Why is the Mpls Housing Authority involved in the construction of this building? Aren't nursing homes supposed to be under the State umbrella? It seems like this is just another example of Mpls taxpayers subsidizing another state function. I'm not saying it shouldn't be built, but is should be the state paying for it, not Mpls taxpayers.

samiamMar. 8, 12 7:50 AM

If we don't help the elderly, what does that say about us as a society?

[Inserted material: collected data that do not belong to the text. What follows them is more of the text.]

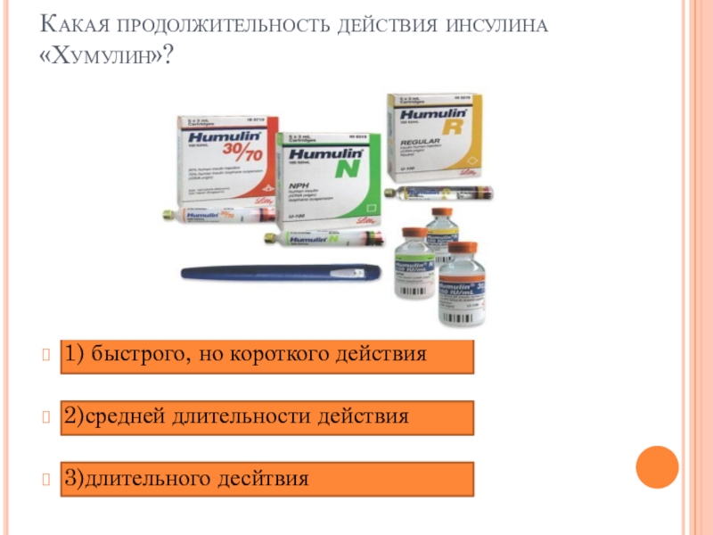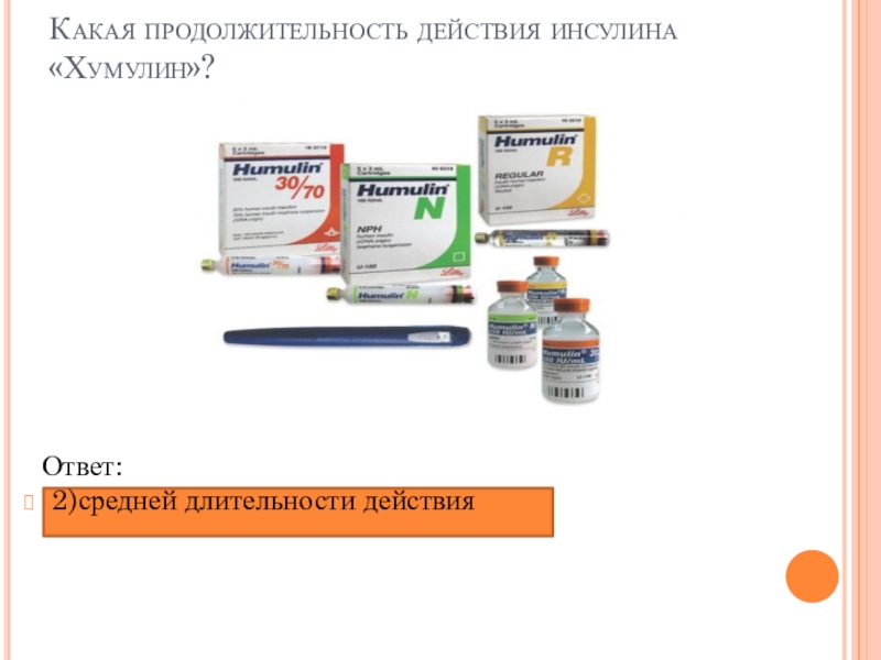 Слайд 33Какая продолжительность действия инсулина «Хумулин»?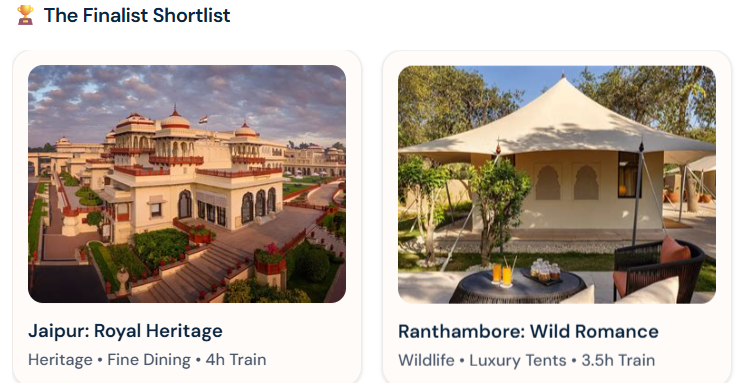 Instead of suggesting “top resorts,” SearchSpot analyzed 88 properties in Sawai Madhopur.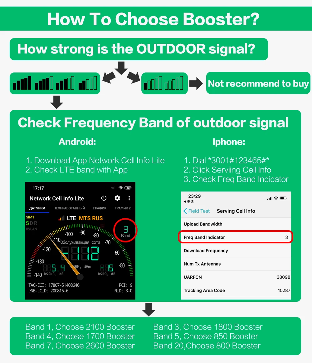 Выберите подходящий усилитель сигнала мобильного телефона в зависимости от значения диапазона. Если у вас есть вопросы, свяжитесь со мной.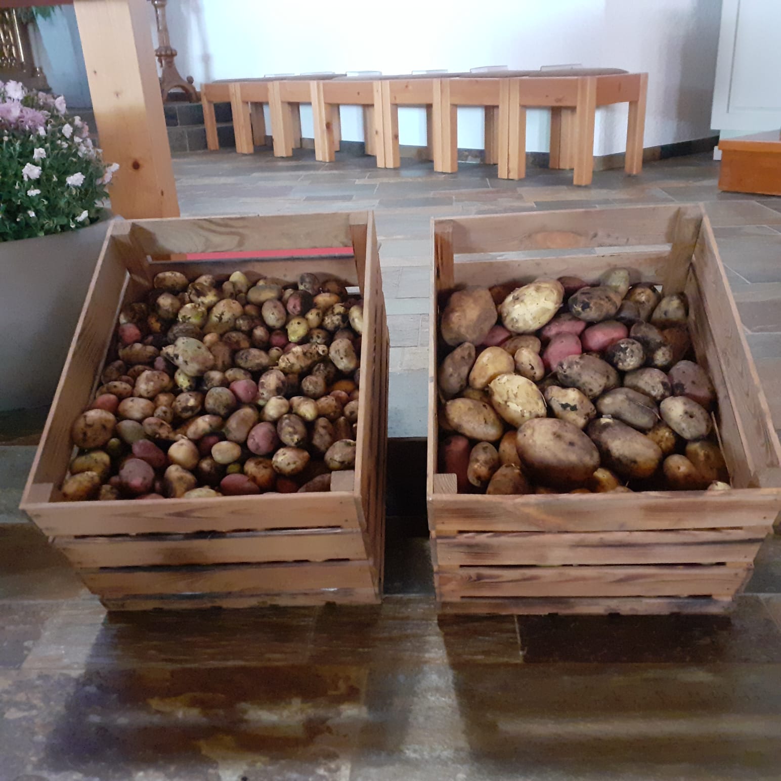 Am Ende gab's zwei volle Kisten mit Kartoffeln. Die wurden dann am Freitag bei der Schülermesse gesegnet.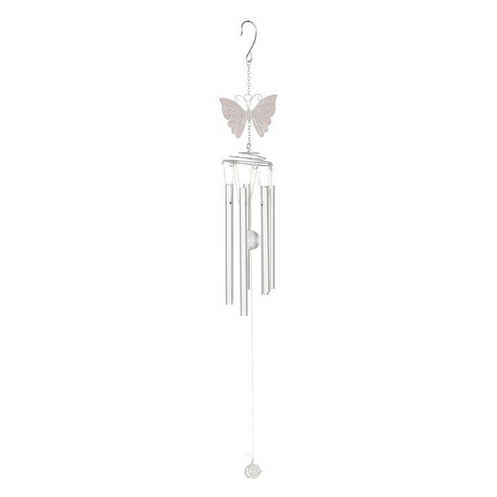 This silver and white windchime features a delicate resin butterfly at the top, with a spiral metal design that flows into a soft cascade of chimes and a clear hanging crystal at the base. Perfect for hanging in a sunny corner, it adds gentle movement and peaceful sound to spaces of remembrance or quiet reflection.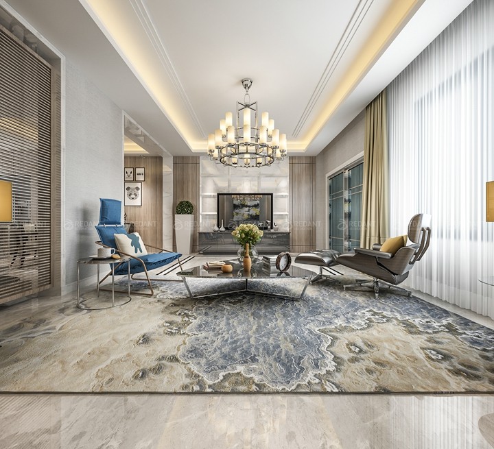 客厅:客厅与玄关之间可用屏风做隔断处理,避免出现“穿堂煞”的格局。对于方正的客厅空间,其内的家具摆放最好以对称排列,可形成风水中方正的布局要求。而摆放在客厅的招财吉祥物或是装饰摆件,不直过多,一般麒麟、 财神爷或是貌貅、开运竹等最好选其一摆放在财位之上即可。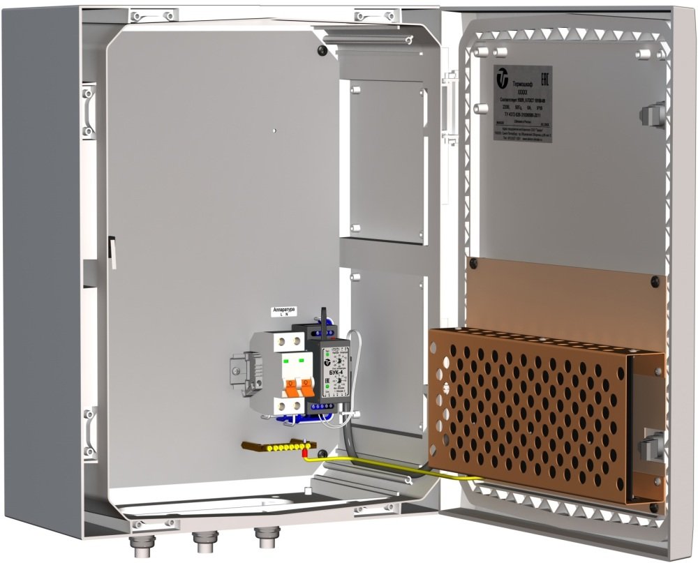 Термошкаф; AC 220 В; I-нагр.6 А(max); P-потр.178 Вт; IP66; -40...+80°С; 500х400х210 мм. В комплекте: блок управления климатом (БУК-4), тампер. Материал - пластик.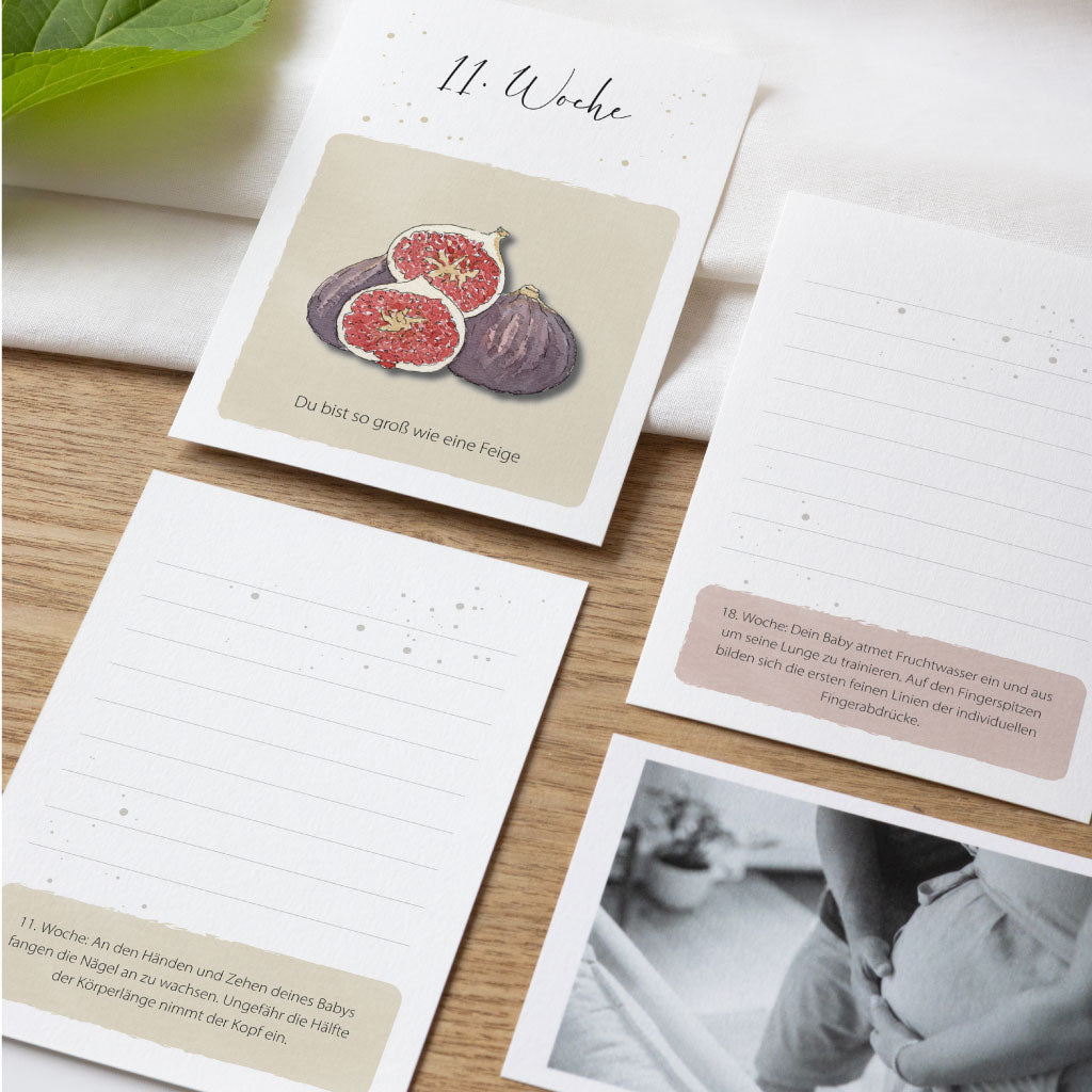 Meilensteinkarten mit Infos zur Babyentwicklung in der Schwangerschaft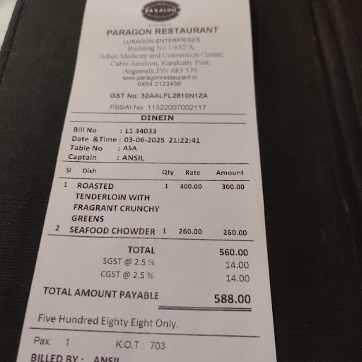 Read moreA Culinary Oasis on NH 544 Conveniently Located on the busy NH 544, PARAGON continues to set the gold standard for dining. I have been a FAN of PARAGON ( Across its’ Branches ) For over a decade — not just to satiate hunger, but to experience the rich culinary heritage of Kerala served with grace and precision. From the moment you enter, cleanliness and hygiene stand out as a hallmark. The dining area is immaculate, the restrooms spotless, and every corner reflects a culture of care that’s increasingly rare. Service is swift and seamless. During my recent visit ( 3rd June 2025 ) , I was warmly welcomed and promptly seated and served my food order. The seafood soup was delightful — brimming with freshness and layered with coastal flavours that awaken the palate. The beef salad was the true star of my meal experience : succulent, tender strips of beef, tossed in a simple vinegar dressing that allowed the meat to shine through. Generously paired with crisp, vegetables, it was both refreshing and hearty — a rare balance. Special mention must go to Mr. Ganesh Kumar, the Restaurant GM , whose personable demeanour and customer-centric approach elevated my dining experience. He clearly demonstrated to me ALL Guests of PARAGON feel valued with his warm smile. Of course, no review of Paragon is complete without praising their Kerala food options. Having been a Loyal Fan for Over a Decade, I can vouch for the consistency and authenticity of their dishes — whether it’s a spicy fish curry, fragrant biryani, or the humble avial. For hungry and discerning travellers, Paragon is a must-stop for both lunch and dinner. They do not just serve meals; they offer moments of comfort, flavour, and care — a rare trio in today’s GREEDY world of Food Service Enterprises that deliver ZERO Value...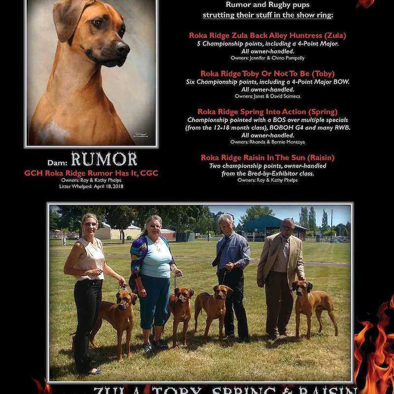 Roka Ridge Spring Into Action, offspring of GCH CH Roka Ridge Rumor Has It CGC and GCHP CH Diablo's Back Alley Brawler CGC.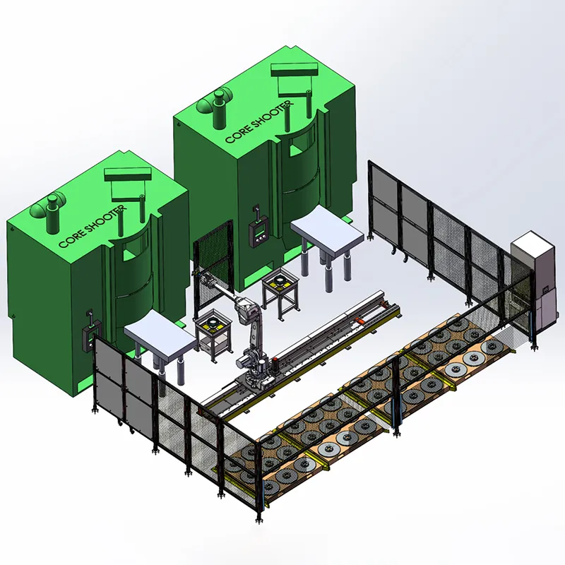 Роботизированная автоматическая выемка и сборка стержней способна удовлетворить потребности в извлечении продукции весом от десятков до сотен килограммов из стержневых машин без повреждения поверхности песчаных стержней, обеспечивая точность сборки. Мы можем выбрать роботов различных брендов (ABB, FANUC, EFORT, ESTUN, KUKA и др.) в соответствии с требованиями заказчика, а также изготовить захватные устройства и оснастку для позиционирования по индивидуальному заказу под конкретную продукцию, что позволяет одновременно захватывать и собирать один или несколько видов изделий.

jim2011beamMar. 8, 12 8:01 AM

The rotunda features a sweeping curved staircase. Sounds like artwork to me. How many seniors with canes, walkers and in wheelchairs will use a "sweeping curved staircase"?

gbrauerMar. 8, 12 8:33 AM

jim2011beam - not many, but at my mom's care facility many other residents and guest do use the stairs. (She is in a private care facility.)

mnfishMar. 8, 12 8:53 AM

Now, if we could only have this type of warm fuzzy feeling on the issue of helping young families get into affordable homes, it'd be great. With the lack of wages and jobs currently, many young families are struggling more than their elders. One big difference is....their elders lived during the greatest growth this country has ever seen, and still many are ending up on public assistance. Can you say lack of planning?

pdxtranMar. 8, 12 9:42 AM

mnfish: The period of greatest prosperity was not equally prosperous for all, especially women. When my grandfather died in the early 1960s, my grandmother found that he had arranged for payment of his survivors' pension to her to stop after 5 years. (Thanks to the feminist movement, he would no longer be able to do this.) His will said that he didn't want his pension money going to her second husband. Well, she never remarried and as a traditional housewife who had never held more than an occasional part-time job, she was dependent on Social Security for the rest of her life.

While my grandparents weren't poor, there were still poor people, even during the period of greatest prosperity. Planning had nothing to do with it.